そして、何より、60点で終わらせることで、次に進めるんです。
今は「理想の半分より上だったらOK」と思って、進んでいます。
具体的な方法:
- 「これは60点でいい」と声に出して言う
- タイマーを30分にセットして、「時間が来たら終わり」と決める
- 「完成」ではなく「一旦ここまで」と区切る
心理学では、これを「良い加減(good enough)」の原則と呼びます。
100点を目指すより、70点で進む方が、結果的に成果が大きい。
なぜなら、行動の量が圧倒的に増えるから。
私の失敗例:
最初、基準を下げることに罪悪感がありました。
「こんなんじゃダメだ」と思って、結局100点を目指してしまう。
でも、ある日、「60点のものを10個作る方が、100点のものを1個作るより価値がある」という言葉に出会ったんです。
量が質を生む。
そう思えたとき、基準を下げることが怖くなくなりました。
🌼 ステップ③:「選び直す」— 不完全を選ぶ練習
最後に、意識的に「不完全」を選ぶ練習をする。
完璧主義から抜け出すには、不完全なものを世に出す経験が必要です。
そして、「不完全でも大丈夫だった」という成功体験を積み重ねる。
たとえば、
- ブログを「60点で公開する」と決めて投稿する
- 友人を家に招くとき、「片付いてないけどいい?」と最初に言う
- 仕事で「ここまでできました」と中間報告をする(完璧じゃなくても)
ポイントは、「不完全を選んだ自分」を褒めること。
「60点で公開できた!」「途中でも見せられた!」
その小さな勇気を、自分で認めてあげる。
すると、次も不完全を選びやすくなるんです。
ACT(受容とコミットメント療法)では、これを「価値に基づく行動」と呼ぶそうです。
完璧かどうかではなく、「自分の価値観に沿っているか」で選ぶ。
私の場合、「人とつながりたい」という価値観があります。
だから、完璧なブログを書かないより、不完全でも公開して人とつながる方が、私の価値観に合っている。
そう思えたとき、不完全を選ぶことが怖くなくなりました。
私の体験:
最初に「60点ブログ」を公開したときは、ドキドキでした。
でも、コメントで「わかります!」と共感してもらえた。
その瞬間、「完璧じゃなくても、価値はあるんだ」と実感しました。
それ以来、不完全を選ぶことが、少しずつ楽になっていったんです。
🌈 まとめ:不完全さを受け入れたとき、人は動き出す
以前の私は、「完璧じゃないと意味がない」と思っていました。
不完全なものは、恥ずかしい。
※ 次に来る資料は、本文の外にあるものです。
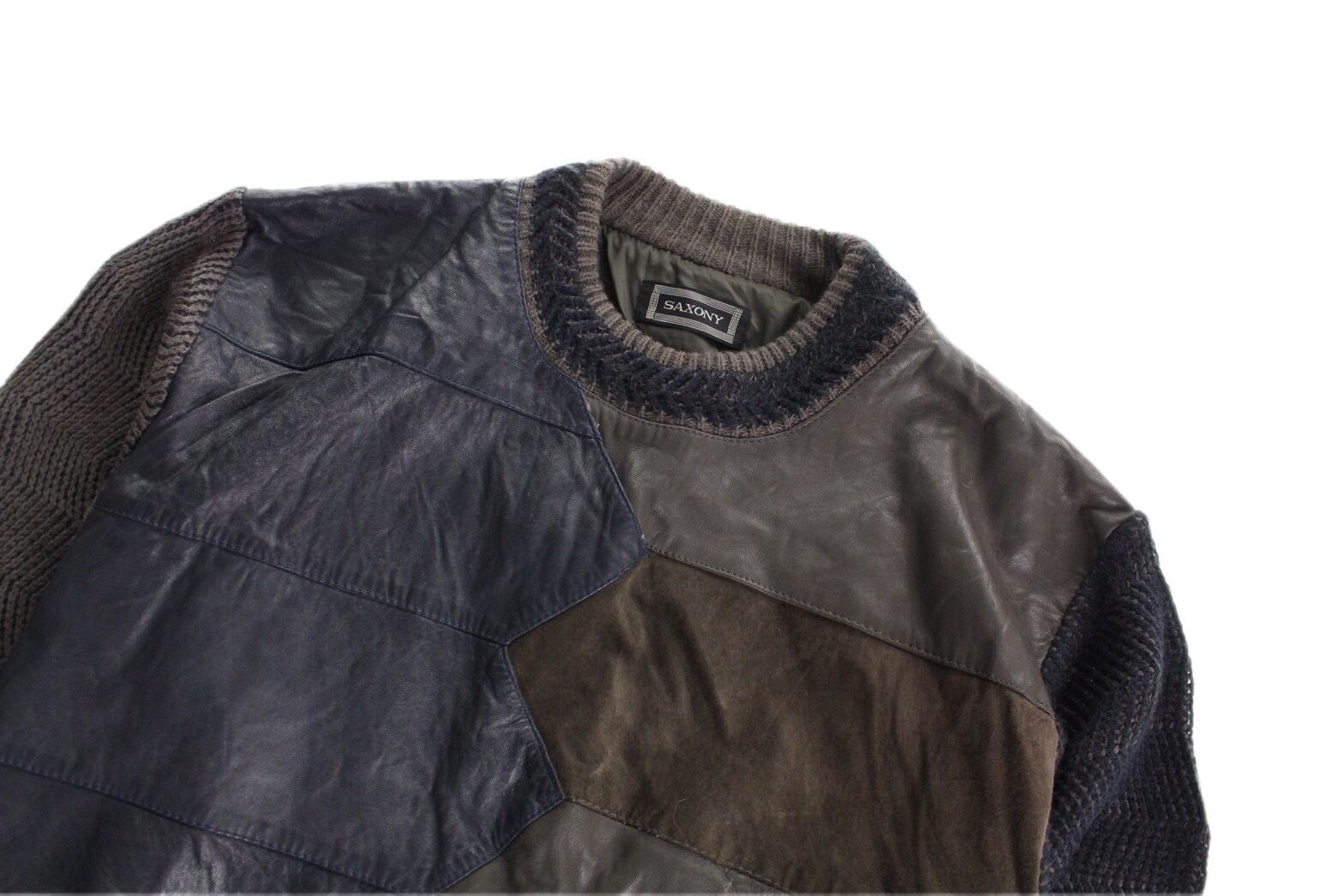【FIFTY-FIFTY】1990s vintage "SAXONY" symmetry design leather mix 3D knit -8740-

人に見せられない。
だから、完璧にできるまで待つ。
でも、その「待つ」時間の中で、人生は過ぎていきました。
でも今はわかります。
不完全さを受け入れたとき、人は動き出す。
70点でも、60点でも、前に進むことに価値がある。
完璧を待っている間に失うものより、不完全でも行動することで得るものの方が、遥かに大きい。
完璧主義は、一見「向上心」に見えます。
でも実際は、「動かない言い訳」。
完璧を目指すことで、失敗を避け、批判を避け、不完全な自分を隠している。
でも、不完全さを受け入れたとき、やっと本当の自分が出てきます。
そして、その不完全な自分を見せることで、人とのつながりが深まり、新しい経験ができ、人生が動き始めるんです。
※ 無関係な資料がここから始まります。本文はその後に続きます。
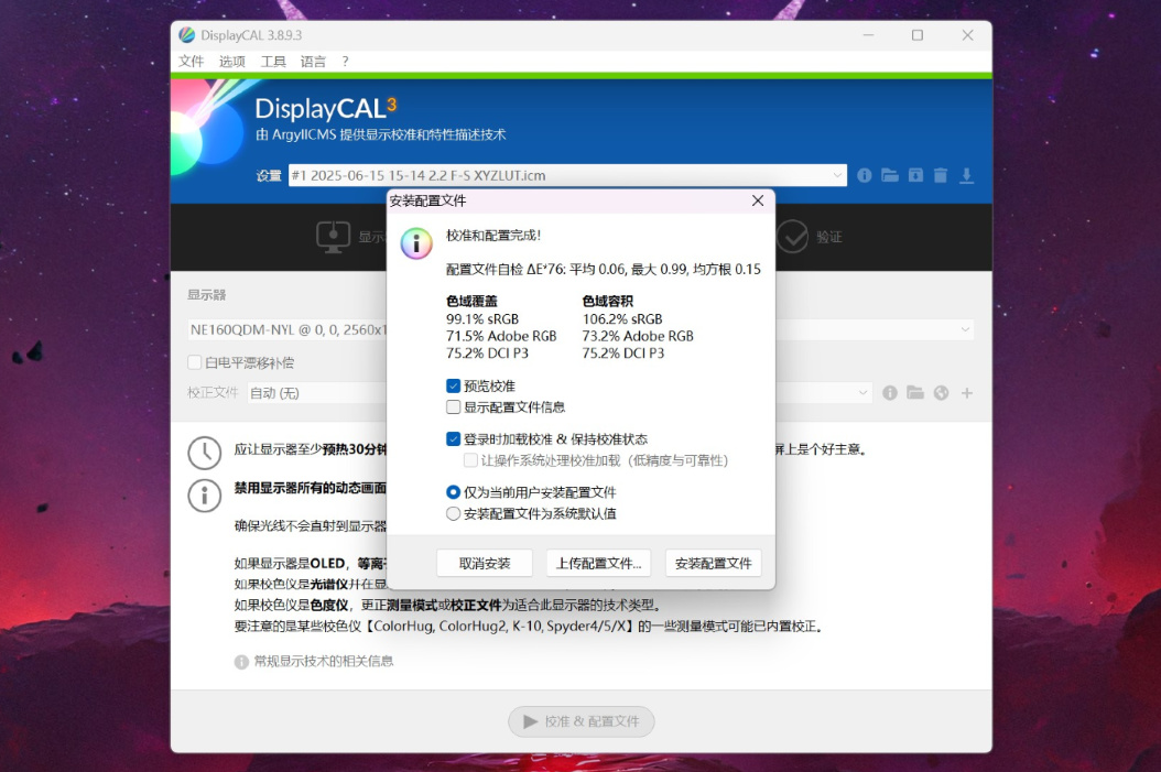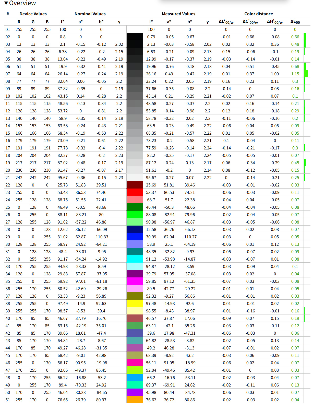 屏幕色准还行,平均ΔE约为0.17,但是测试报告里显示,存在一定程度的白点偏离,颜色略微偏向品红。

本当に必要なものは「不完全でも前に進む勇気」と「良い加減を受け入れる柔軟性」なのです。
🌸 40代だからこそ:頑張るより”整う”を選べる年齢
40代になって、私は気づきました。
若い頃は、「もっと頑張らなきゃ」「もっと完璧にならなきゃ」と思っていました。
完璧な自分になることが、成長だと信じていた。
だから、いつも100点を目指し、それ以下は許せなかった。
でも、40代になった今、頑張るより”整う”を選べる年齢になったと気づきました。
完璧を目指して疲れ果てるより、70点で心を整える。
100点を取って倒れるより、60点でも続けられる状態を保つ。
それが、40代の賢さなんです。
若い頃は、体力も気力もあったから、完璧を目指して突っ走れた。
でも、40代は違う。
家族のこと、仕事のこと、自分の体調。
いろんなことをバランスよく回していくには、「完璧にやらない」という選択が必要なんです。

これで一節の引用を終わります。